I rate Phillips 66 a short-term HOLD due to the market's digestion of a recent narrowing in the Brent/WTI spread and the expected impact on refining margins:

Brent Crude Oil Spot Price Chart

Brent Crude Oil Spot Price data by YCharts

However, I expect Phillips 66 to outperform pure refining stocks due to the company's following advantages:

  • Growth in its Midstream business due to the new Sand Hills and Southern Hills Pipelines.
  • The upcoming IPO of its Midstream Phillips 66 Partners' MLP.
  • Continuing growth in its industry leading and very profitable chemicals business.
  • Refining outperformance due to its logistical optimization of advantaged feedstock -- PSX is the #1 importer of low-priced Canadian crudes (WCS).

For these reasons, PSX is a long-term BUY.

PSX's Q2 earnings are due out on July 31. The average analyst estimate as of today is $2.22. I expect PSX to beat this estimate.

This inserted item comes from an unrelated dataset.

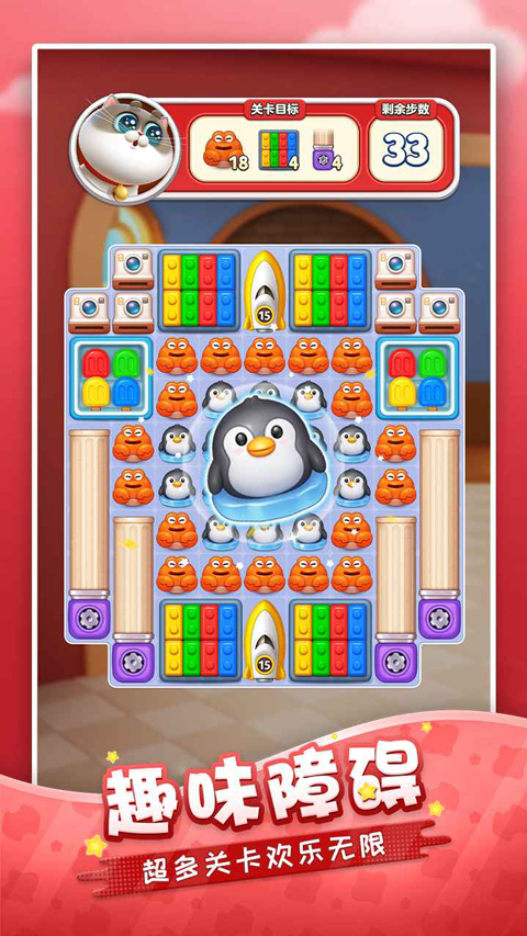 假日乐消消最新版玩着可以有效的打发时间,氛围悠闲,趣味性十足,玩着很是愉快,在游戏里玩家将扮演消除达人,根据关卡的要求进行闯关,玩家只有完成关卡设计的积分要求才能过关,挑战性极高,利用获取的道具可以玩的更加愉快,场景丰富,特效华丽,背景音乐也很悠闲,玩家可以沉浸式体验,感兴趣的玩家可以下载试一试。

Credit Suisse currently has an OUTPERFORM rating on PSX with a $73 price target. As of June 29, S&P had a BUY on PSX with a 12-month price target of $72. Investors should consider adding to or initiating a position on PSX on further market weakness prior to the earnings announcement at the end of the month.

PSX data by YCharts

PSX Chart

PSX data by YCharts

Disclosure: I am long CVX, PSX. I wrote this article myself, and it expresses my own opinions. I am not receiving compensation for it (other than from Seeking Alpha). I have no business relationship with any company whose stock is mentioned in this article.

Additional disclosure: I am an engineer, not a CFA. The information and data presented in this article was obtained from company documents and/or sources believed to be reliable, but has not been independently verified. Therefore, the author cannot guarantee its accuracy. Please do your own research and contact a qualified investment advisor. I am not responsible for investment decisions you make. Thanks for reading and good luck!